Суханов, идя впереди по лестницам и помостам, вел за собой Павла Строганова. Тот смотрел на крепкий, испещренный мягкими складками затылок каменотеса, на широкие богатырские плечи, на играющие под выцветшей рубахой мускулы, смотрел, завидуя здоровью могучего мужика, и думал, глядя на него и на работных людей, терпеливых, неунывающих трудолюбцев:

«Счастье России иметь таких силачей и умельцев.
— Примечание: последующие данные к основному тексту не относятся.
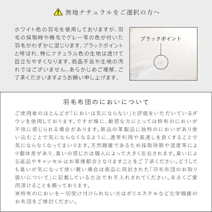 羽毛のパワーアップから羽毛充填・製品化まで、全て日本国内で行っております。大量生産型ではない小規模工場で一枚ずつ丁寧に熟練の職人が製造しています。また加工所や生産工場に頻繁に出向き、羽毛の状態や生産状況の管理をプロ目線で行っております。お布団に縫い付けられたネームは私たちが製品に対して「責任を持つ」という証です。また、通常のご使用において万が一不具合が生じた場合は無償交換・修理いたします。末永くご愛用いただけることを心から願っております。

С таким народом, если его не обижать, жить не страшно…»

Итак, не найдя Воронихина на строительстве Казанского собора, Павел Александрович на четверке сивых, запряженных в графскую тяжелую, но удобную для дальних переездов карету, выехал в Павловск, где и нашел Андрея Никифоровича, занятого восстановлением дворцовых комнат и оборудованием их по его собственным рисункам.

Старые друзья, по обычаю русскому, сняв головные уборы, обнялись, расцеловались. После первых радостных восклицаний и обоюдных расспросов Воронихин, заперев комнату, в которой работал над чертежами переустройства дворцовых комнат, пошел показывать Строганову бывшую резиденцию императора Павла.
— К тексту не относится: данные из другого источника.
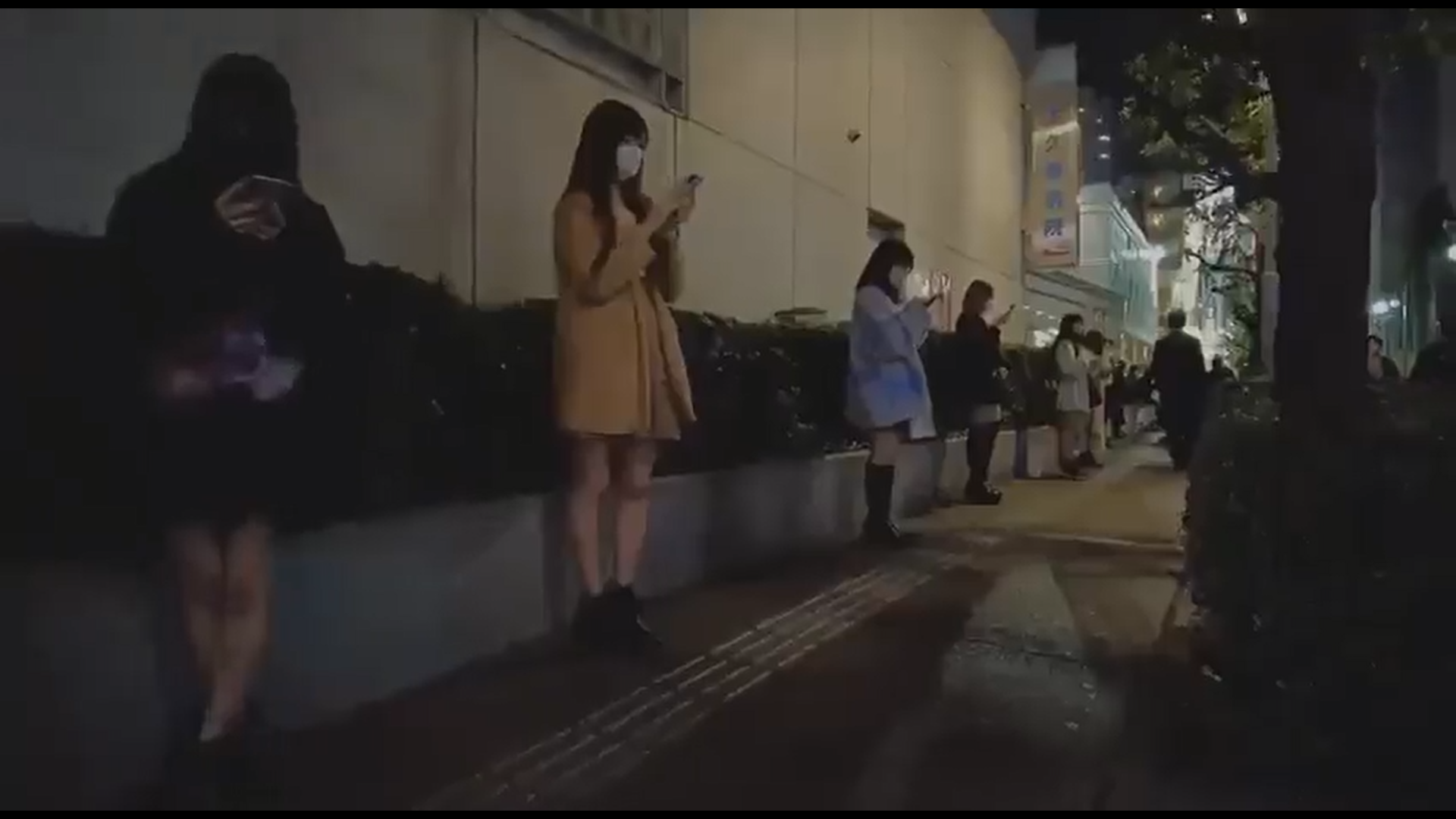 【橙訊】近日網上瘋傳一片日本街頭的影片,該段影片拍攝東京歌舞伎町的大久保醫院附近,看似平平無奇的街道,卻見到一班少女大約每隔數米整齊站立,奇異的場面令網民好奇她們在做甚麼。

Строганов побывал во всех залах дворца, в уголках парка, осмотрел все, что сделано в них по плану Воронихина, даже мебель, изготовленную по его рисункам. Затем Воронихин водил Строганова в парк к небольшому мосту, украшенному кентаврами.

Вся планировка Павловского парка с его извилистыми тропинками, живописными берегами прудов и речки Славянки, с мостами, решетками, статуями и самыми неожиданными павильонами удивили Строганова изощренностью замыслов зодчих и садовников.

Больше всего из парковых построек понравился Строганову воздвигнутый в то лето Андреем Воронихиным «Розовый павильон». Это квадратное здание с легкими ионическими колоннами было окружено кустами цветущих роз. Небольшие фронтоны над четырьмя портиками расписаны красочными картинами. В полукруглых окнах под куполом были поставлены арфы. При малейшем дуновении ветра арфы мелодично звучали, словно тронутые рукой невидимого волшебника-музыканта.

Восхищаясь работами Воронихина, Строганов за обедом и умеренной выпивкой в небольшом кругу проживавших в Павловском парке вельмож сказал:

– Хорошо, Андре, очень вы преуспеваете в зодчестве. Но не слишком ли много работы? Так и надорваться можно. Казанский собор, Горный корпус, строения в царских резиденциях, – все это отнимает у вас столько сил. Да еще, как говорят ваши люди, вы и «фармазонить» успеваете. И теперь бываете на собраниях масонов?..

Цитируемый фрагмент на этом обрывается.